Le ricadute di questa impostazione riguardano l’approfondimento del rapporto tra la Chiesa cattolica e la storicità. Prini comprende sempre meglio la dialettica tra l’universalità trascendente e sovratemporale del messaggio cristiano di amore e la necessaria incarnazione storica di esso nel tempo. ciò implica la necessità di una distinzione di principio tra la fede, che attiene a quella dimensione sovratemporale e trascendente, e la dottrina cattolica, che costituisce un tentativo di applicazione e adattamento ai tempi, necessariamente bisognoso di evoluzione nel tempo. In sintesi, con un detto memorabile del 1967, Prini afferma che «la scienza non è certamente la chiave ermeneutica della Rivelazione, ma può liberarne il senso da interpretazioni certamente false».

Il terzo periodo, a partire dal 1989, è caratterizzato da due filoni fondamentali di pensiero: uno che riprende la meditazione sul rapporto tra Cristianesimo e storicità in generale, e in particolare su Cristianesimo e modernità occidentale, l’altro che sviluppa la riflessione sul mistero del male. Al primo filone sono riconducibili uno dei capolavori storiografici di Prini, La filosofia cattolica italiana del Novecento (1996) nonché diversi altri scritti del periodo: Il corpo che siamo. Introduzione all’antropologia etica (1991), I cristiani e il potere. Essere per il futuro (1993) e Lo scisma sommerso (1998-1999), forse l’opera di Prini che ha avuto il maggiore risalto pubblico. Non aver tenuto conto del contesto filosofico complesso in cui sorgeva un pamphlet di filosofia morale come Lo scisma sommerso è stato, a mio parere, il limite fondamentale della ricezione critica di quest’opera da parte dei tradizionalisti.

Alla seconda tematica fanno riferimento opere come L’ambiguità dell’essere e l’ultima edizione della Storia dell’esistenzialismo, entrambe del 1989.

Il testo inedito, Ventisei secoli nel mondo dei filosofi, nasce precisamente dallo sviluppo delle problematiche dell’ultimo Prini. Mi permetto di rimandare, per un esame più accurato della questione della periodizzazione, alla mia monografia Pietro Prini che uscirà, insieme a Ventisei secoli, presso la Lateran University Press.

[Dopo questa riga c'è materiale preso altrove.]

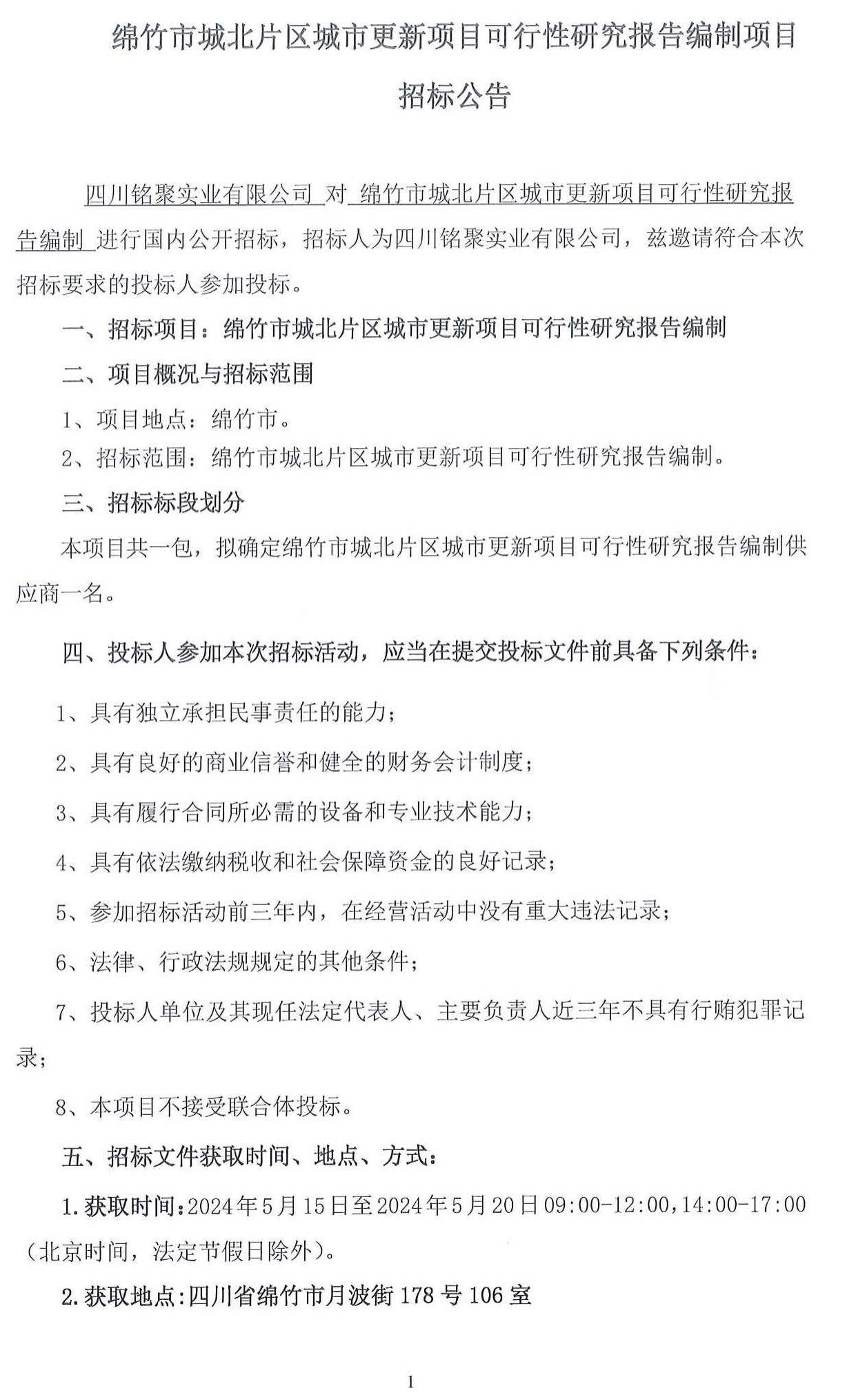 綿竹市城北區城市更新項目可行性研究報告編制招標公告
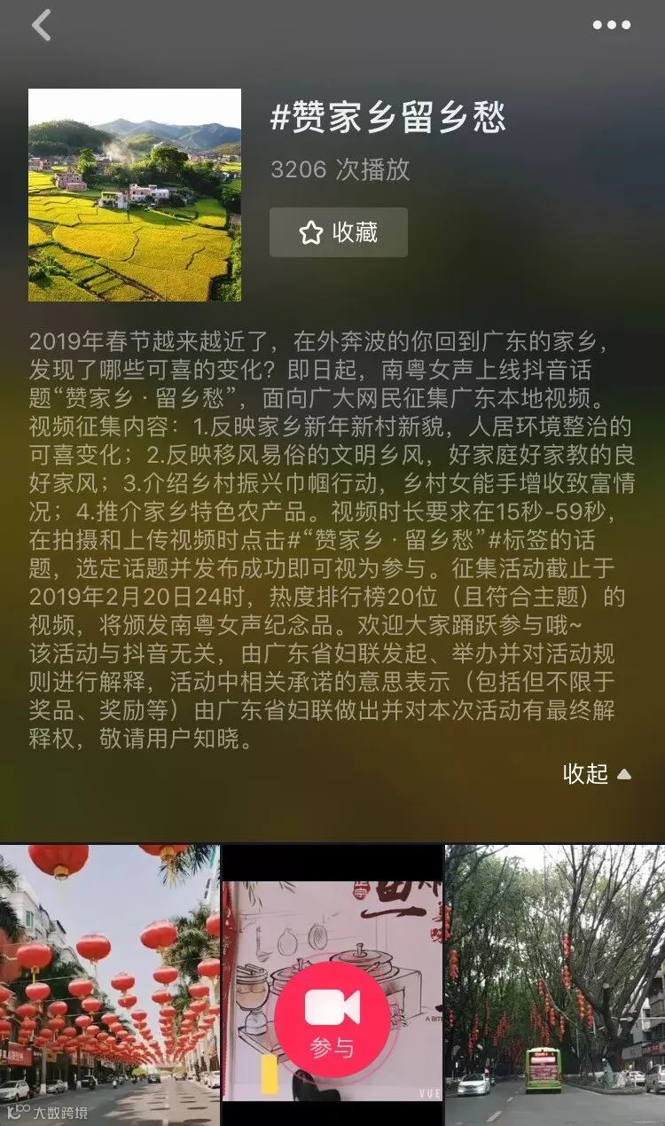 方式二:登陆抖音短视频app,在拍摄和上传视频时点击#赞家乡留乡愁标签的话题,选定话题并发布成功即可视为参与。

[Continuità e discontinuità nell’evoluzione del pensiero priniano] Una delle specificità del lavoro di Prini è stata la ripubblicazione, in forma rinnovata e in epoche diverse, di opere assai importanti come le sue ricerche sulla storia dell’esistenzialismo o la monografia su Plotino. È possibile ritrovare in queste riproposizioni le tracce dei «tre periodi»?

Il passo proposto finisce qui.